Defense, GSA officials vow to clean up contracting

Senior Defense Department and General Services Administration officials trumpeted a new zero-tolerance policy for skirting acquisition laws and regulations on Tuesday.

The Pentagon's chief procurement executive, Deidre Lee, joined GSA Administrator Stephen Perry in announcing a joint initiative called Get It Right, which they said would address significant deficiencies in government contracting, many of which have been exposed by an ongoing investigation of GSA contracting as well as reports of misuse of contracts for military and reconstruction efforts in Iraq.

Addressing a capacity crowd in an auditorium at GSA headquarters, and via a Web broadcast viewed by GSA and Defense employees nationwide, Lee and Perry said instances of improper contracting constituted a tiny portion of their organization's overall activities. Both acknowledged that corners had been cut and procedures hadn't been followed in some cases, but they said their plan, which will require agency employees and contracting officers to be more circumspect about how contracts are awarded, would correct those problems.

"We're striving here to achieve a zero-deficiency environment," Perry said. "No exceptions, no excuses."

The most recent cases of improper contracting center on GSA's Federal Technology Service, which administers technology-related contracts on other agencies' behalf. Defense is FTS' biggest customer, and media reports and GSA inspector general audits have shown FTS employees have awarded work unrelated to technology using contracts specially designed for those purposes. In some cases, FTS' Defense clients also chose the companies they wanted to win contracts, and some of those awards were made without full and open competition, the inspector general has found. Those purchases affect hundreds of millions of dollars in federal funds.

The Defense inspector general has issued several reports in the past few years documenting abuses of the GSA schedules, a set of prenegotiated contracts awarded to thousands of vendors and open to all federal agencies. Lee acknowledged that those problems weren't news to her, and pointed to a recent example of a GSA technology schedule being used to procure interrogation services for Abu Ghraib prison in Iraq.

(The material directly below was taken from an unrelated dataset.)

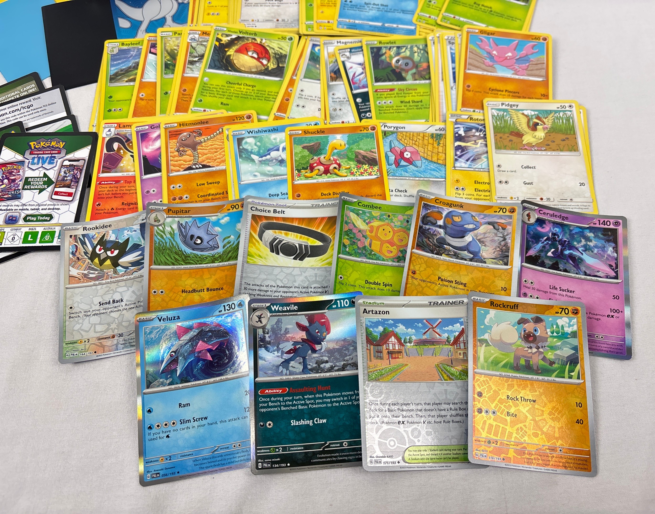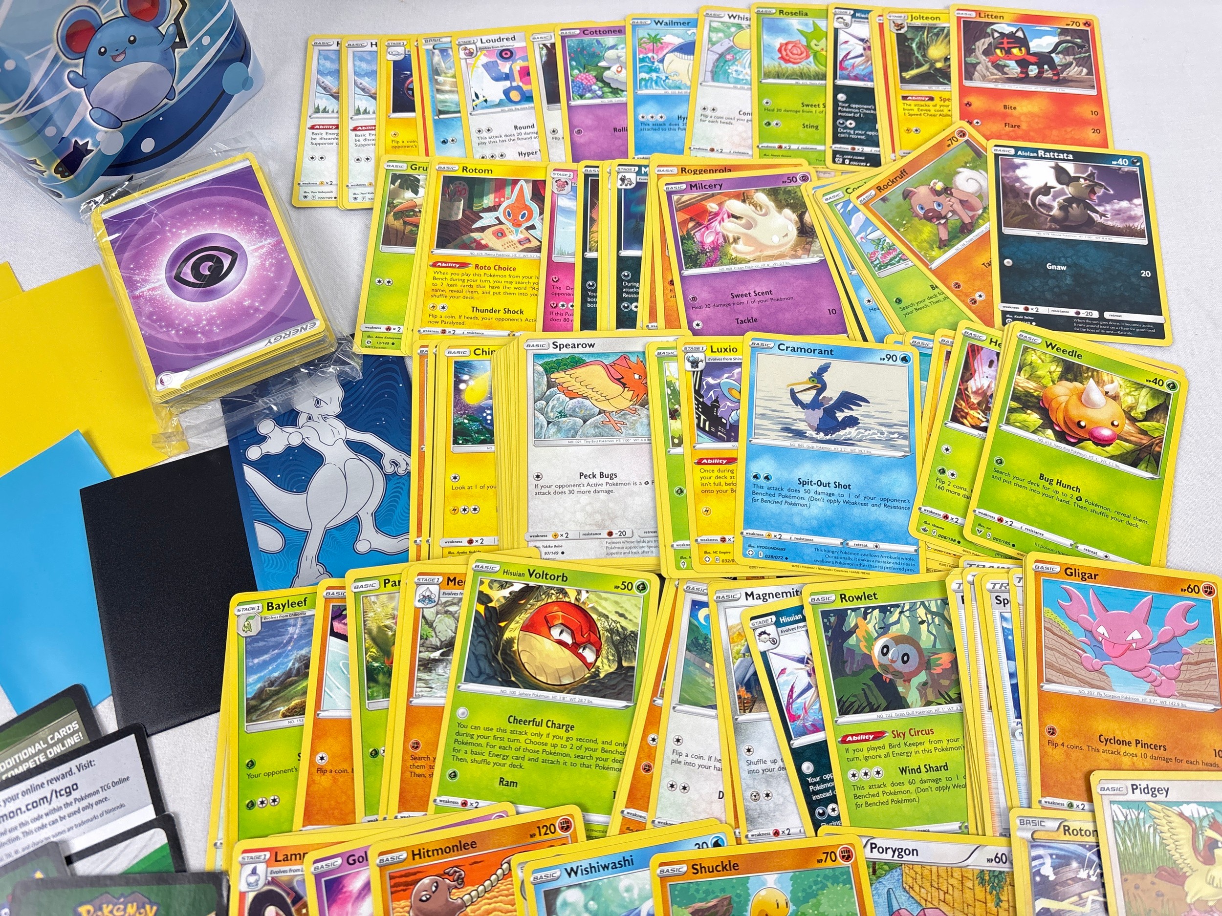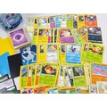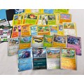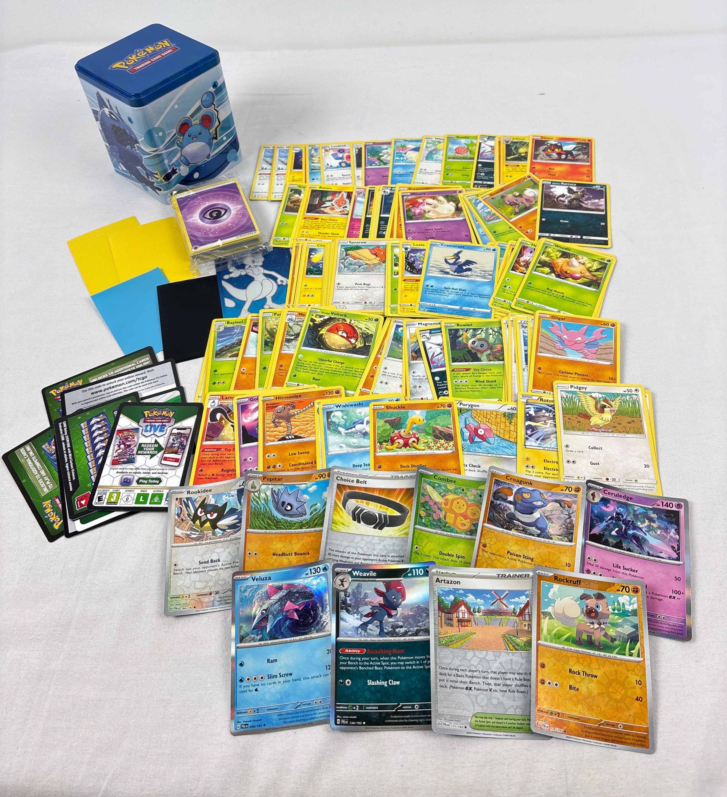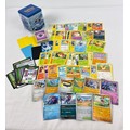 A water (blue) Pokémon stacking tin containing 200 assorted Pokémon cards & 5 card sleeves. Cards include 120 character cards, 10 Trainer cards, 10 holo's & reverse holo's, a sealed pack of energy cards and TCG online code cards.

"I fully support using those vehicles properly," Lee said of the schedules and other GSA administered contracts. To that end, Defense contracting officers now will be required to fulfill a series of obligations before using non-Defense contracts or procurement organizations, in order to create an auditable trail of how a contract was awarded and what was spent. Lee said such transparency depends on being able to "follow the money."

For all purchases of goods and services worth more than $100,000, Defense contracting officers must determine if the purchase is within the scope of the contract, Lee said. They must also question whether they'd save money by using an in-house contracting office. If they do send work outside, they must ensure it is appropriate for the contract the outside agency plans to use, and that a plan is in place to properly administer it, Lee said. She also admonished GSA contracting officers to comply with legal requirements that certain Defense schedules purchases be solicited among at least three vendors.

Defense also plans to examine some contracts after they've been awarded to see if proper procedures were followed. GSA is reviewing all contracts for goods and services valued at more than $100,000 that it awarded for other agencies in the past year, in order to determine whether the work was within the scope of its contract. That review will be complete within the next few weeks, officials said.

Defense program managers, financial managers and contractors also will be more closely scrutinized. Program managers must determine that there is a bona fide need to spend obligated funds, as required by law, Lee said. The Defense inspector general has questioned whether some Defense agencies have fulfilled that obligation before sending funds to FTS to spend on their behalf. Financial managers will be held accountable for ensuring that money is properly handled, and contractors are expected to notify government officials if they feel any work is outside the scope of their contract, Lee said.

For its part, GSA plans to educate its contracting workforce on proper procedures, though Perry acknowledged that the funding to do that could be hard to find, and said, "No amount of training is going to cause someone not to cut a corner."

GSA employees are using "checklists to self-assess proper usage of GSA contract vehicles," according to a set of briefing points GSA released after Perry's speech. The agency also is studying whether it employs enough contracting personnel to handle GSA's multibillion-dollar annual workload, David Drabkin, GSA's deputy associate administrator for acquisition policy, said in a briefing with journalists.

Perry also said he wants to better communicate with GSA's congressional oversight committees about the agency's activities, saying GSA hadn't done a good job of that. He said he also planned to keep the Office of Management and Budget better updated on steps he's taking to improve contracting.

He emphasized that the reported cases of GSA contracting abuse are rare. "The [work of] the large majority of our acquisition workforce…in many instances is brilliant," he said in a press briefing.

Perry chastised those who focus on GSA's shortcomings, saying, "We have not tended to tell that story [of proper contracting]…because it gets overshadowed by an occasional misstep. And I think that's unfair."

He and other officials had spent "countless hours" correcting GSA's deficiencies, Perry said, at the expense of time they could have spent advancing the agency's plan for reform.